__Given data__
■ ■ ■ ■

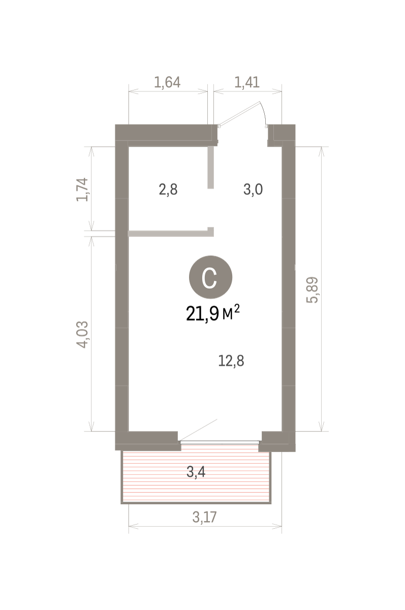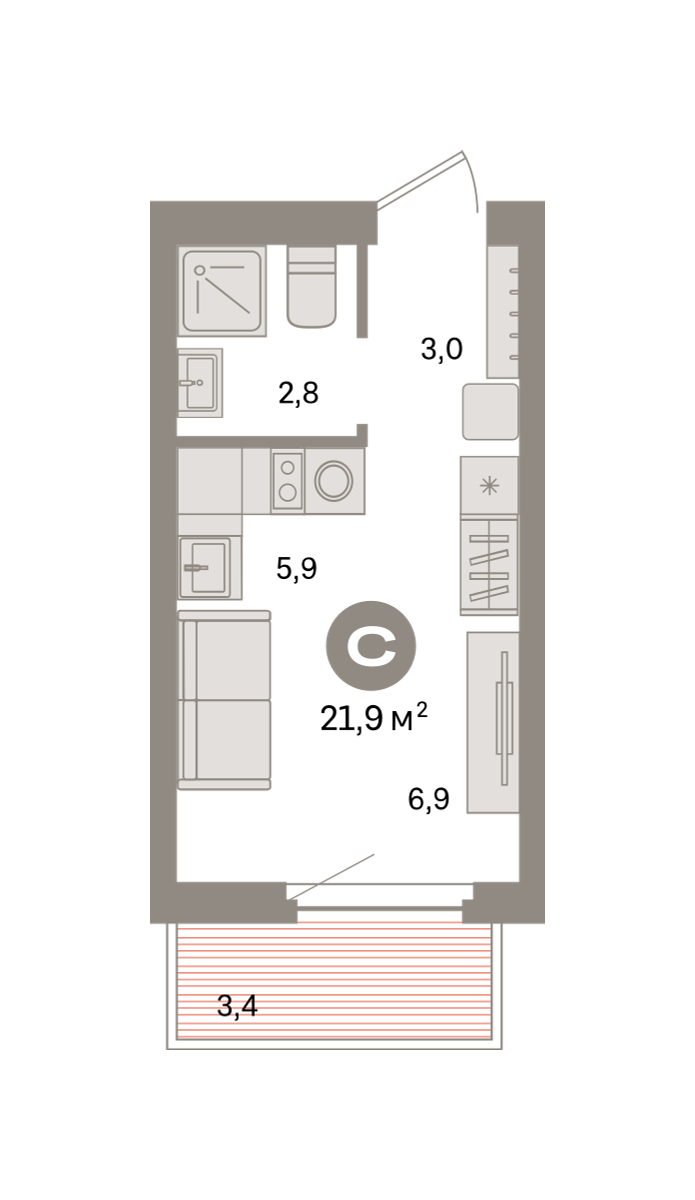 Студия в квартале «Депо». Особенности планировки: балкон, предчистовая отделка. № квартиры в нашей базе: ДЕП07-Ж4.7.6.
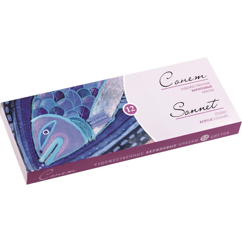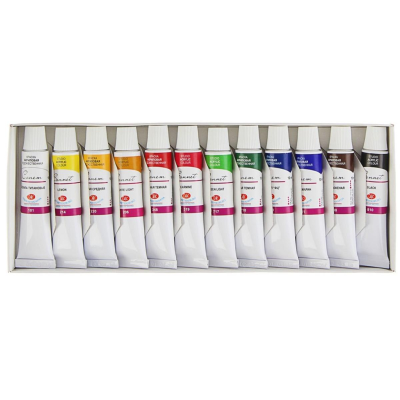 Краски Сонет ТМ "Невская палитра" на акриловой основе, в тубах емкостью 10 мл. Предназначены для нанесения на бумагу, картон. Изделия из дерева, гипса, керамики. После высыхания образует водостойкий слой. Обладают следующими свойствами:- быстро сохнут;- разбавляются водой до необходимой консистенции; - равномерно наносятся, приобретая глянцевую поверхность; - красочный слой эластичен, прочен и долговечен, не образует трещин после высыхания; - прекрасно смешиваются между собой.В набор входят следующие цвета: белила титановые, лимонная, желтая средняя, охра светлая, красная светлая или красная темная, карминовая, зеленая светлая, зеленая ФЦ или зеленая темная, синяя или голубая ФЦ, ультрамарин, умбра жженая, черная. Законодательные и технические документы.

■ ■ ■ ■

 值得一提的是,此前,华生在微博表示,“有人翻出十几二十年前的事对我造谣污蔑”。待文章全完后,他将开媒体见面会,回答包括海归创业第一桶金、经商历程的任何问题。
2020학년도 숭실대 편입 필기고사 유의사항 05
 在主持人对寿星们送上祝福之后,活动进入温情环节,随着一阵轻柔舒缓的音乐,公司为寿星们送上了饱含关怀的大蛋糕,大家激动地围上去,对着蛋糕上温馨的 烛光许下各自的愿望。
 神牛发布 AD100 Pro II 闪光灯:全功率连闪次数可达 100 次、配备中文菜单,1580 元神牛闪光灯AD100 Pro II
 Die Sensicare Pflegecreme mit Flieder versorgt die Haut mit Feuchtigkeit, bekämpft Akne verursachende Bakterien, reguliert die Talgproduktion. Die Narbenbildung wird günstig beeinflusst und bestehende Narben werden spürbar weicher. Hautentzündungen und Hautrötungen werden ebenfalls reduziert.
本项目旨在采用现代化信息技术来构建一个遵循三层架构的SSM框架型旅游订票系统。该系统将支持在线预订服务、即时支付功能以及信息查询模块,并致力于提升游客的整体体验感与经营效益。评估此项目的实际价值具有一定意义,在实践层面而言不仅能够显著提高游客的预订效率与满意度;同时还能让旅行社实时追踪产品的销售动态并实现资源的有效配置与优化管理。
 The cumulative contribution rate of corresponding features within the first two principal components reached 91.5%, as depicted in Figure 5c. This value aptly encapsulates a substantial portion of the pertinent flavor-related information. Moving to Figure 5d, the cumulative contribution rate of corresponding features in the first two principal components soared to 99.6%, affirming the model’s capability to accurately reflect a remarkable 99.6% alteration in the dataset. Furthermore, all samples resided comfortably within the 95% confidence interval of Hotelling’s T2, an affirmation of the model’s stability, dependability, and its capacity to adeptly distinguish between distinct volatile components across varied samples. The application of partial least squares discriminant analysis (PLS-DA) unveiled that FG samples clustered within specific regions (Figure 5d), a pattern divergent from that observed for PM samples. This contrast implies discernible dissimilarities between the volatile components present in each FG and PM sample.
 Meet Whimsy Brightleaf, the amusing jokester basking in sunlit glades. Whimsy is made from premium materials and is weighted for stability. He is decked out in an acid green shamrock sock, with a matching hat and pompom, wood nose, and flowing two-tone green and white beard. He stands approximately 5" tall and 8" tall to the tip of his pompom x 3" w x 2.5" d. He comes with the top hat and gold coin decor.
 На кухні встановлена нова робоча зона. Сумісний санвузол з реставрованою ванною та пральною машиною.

■ ■ ■ ■

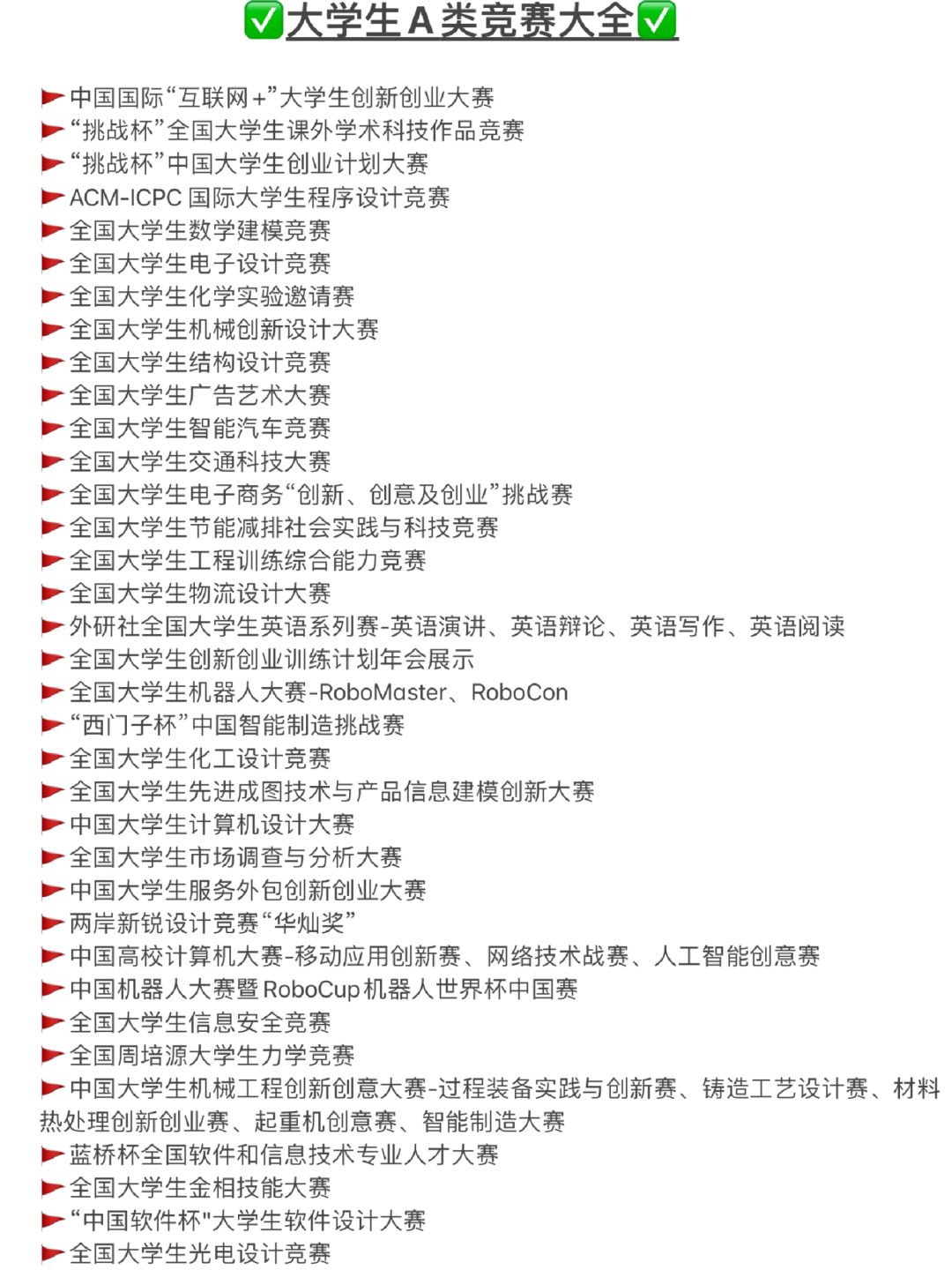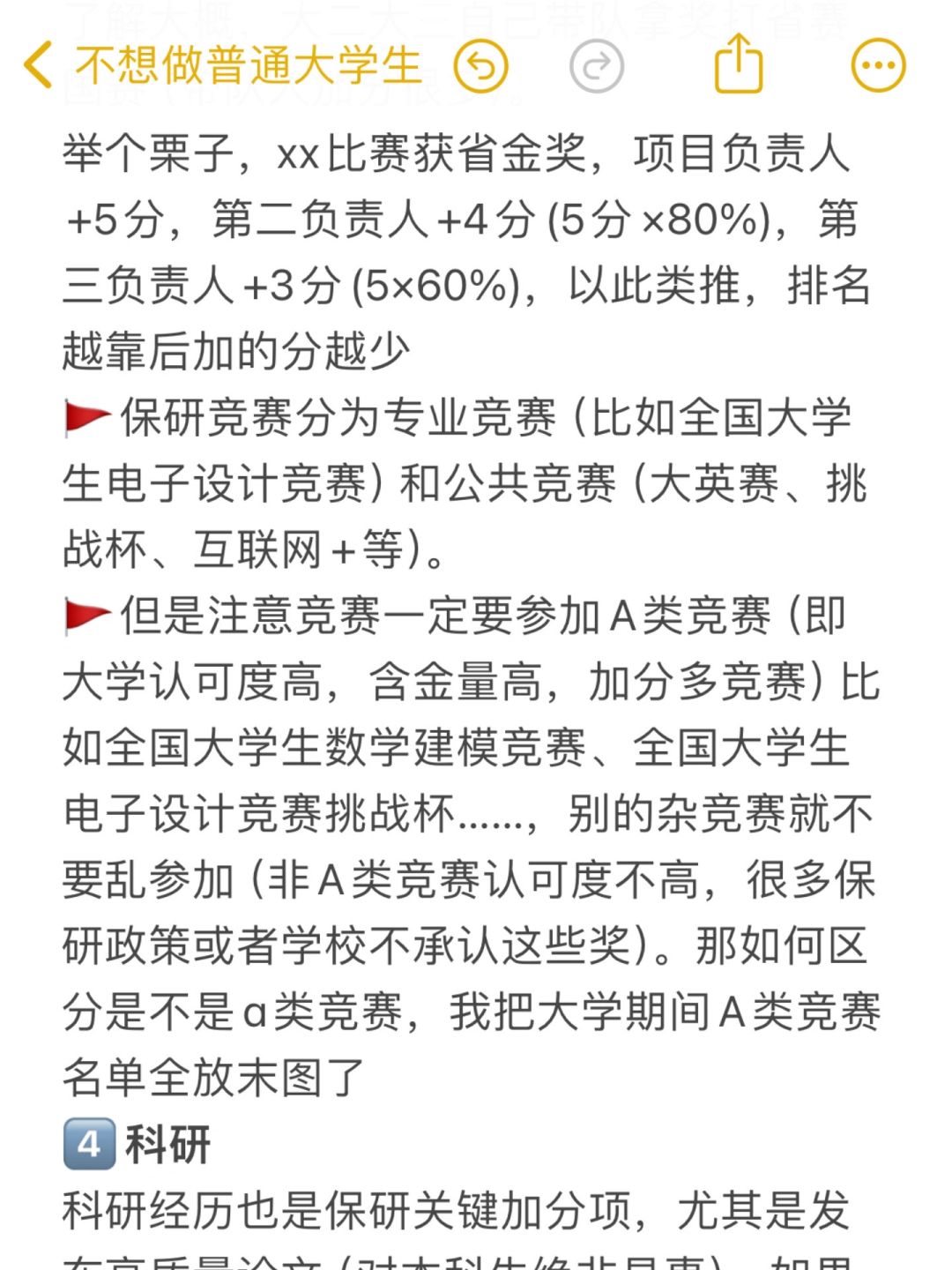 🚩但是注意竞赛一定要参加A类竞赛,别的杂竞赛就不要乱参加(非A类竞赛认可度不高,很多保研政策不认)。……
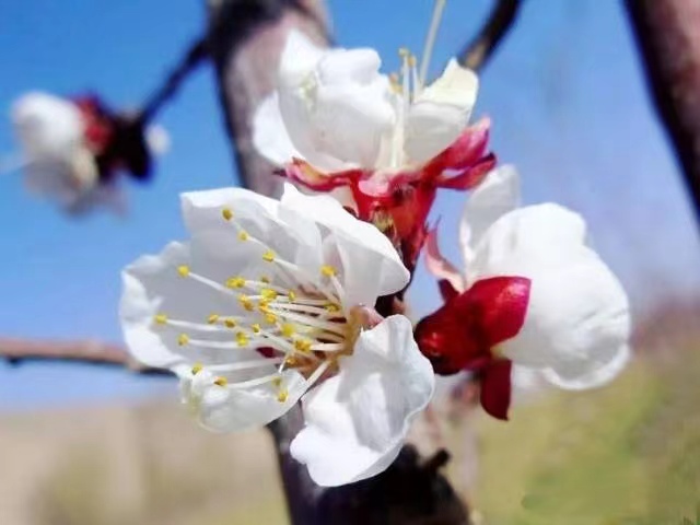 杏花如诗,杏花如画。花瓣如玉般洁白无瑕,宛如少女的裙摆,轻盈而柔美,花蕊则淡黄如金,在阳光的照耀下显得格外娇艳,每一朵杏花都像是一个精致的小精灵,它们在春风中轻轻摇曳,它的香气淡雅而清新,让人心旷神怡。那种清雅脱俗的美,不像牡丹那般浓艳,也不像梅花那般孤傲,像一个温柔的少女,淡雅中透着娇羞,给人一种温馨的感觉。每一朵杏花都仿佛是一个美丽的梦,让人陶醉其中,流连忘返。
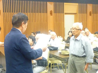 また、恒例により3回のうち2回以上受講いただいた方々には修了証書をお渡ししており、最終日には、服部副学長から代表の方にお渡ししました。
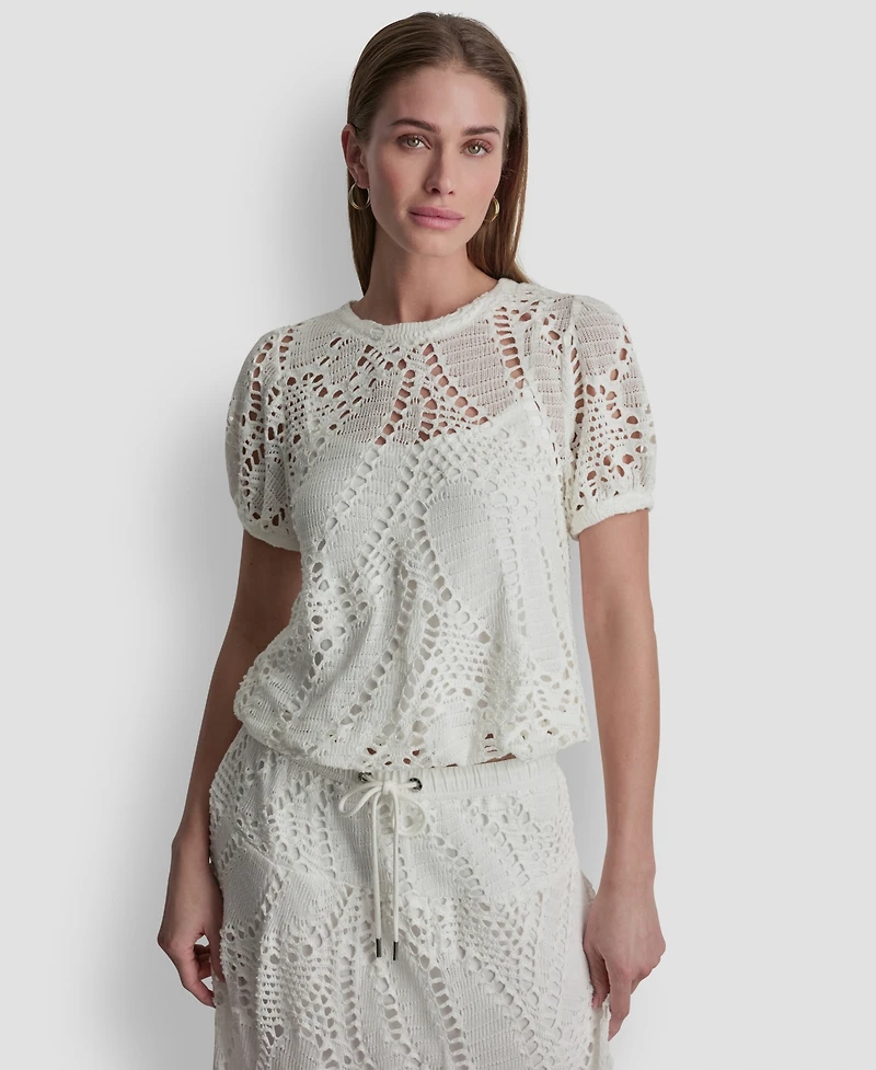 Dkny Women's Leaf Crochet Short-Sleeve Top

■ ■ ■ ■

__What is needed__
Output only the stretch above from the line with "Студия в квартале" through the line with "Краски Сонет ТМ", reproduced exactly. Exclude pictures.

__Answer to this problem__
 Студия в квартале «Депо». Особенности планировки: балкон, предчистовая отделка. № квартиры в нашей базе: ДЕП07-Ж4.7.6.
 Краски Сонет ТМ "Невская палитра" на акриловой основе, в тубах емкостью 10 мл. Предназначены для нанесения на бумагу, картон. Изделия из дерева, гипса, керамики. После высыхания образует водостойкий слой. Обладают следующими свойствами:- быстро сохнут;- разбавляются водой до необходимой консистенции; - равномерно наносятся, приобретая глянцевую поверхность; - красочный слой эластичен, прочен и долговечен, не образует трещин после высыхания; - прекрасно смешиваются между собой.В набор входят следующие цвета: белила титановые, лимонная, желтая средняя, охра светлая, красная светлая или красная темная, карминовая, зеленая светлая, зеленая ФЦ или зеленая темная, синяя или голубая ФЦ, ультрамарин, умбра жженая, черная. Законодательные и технические документы.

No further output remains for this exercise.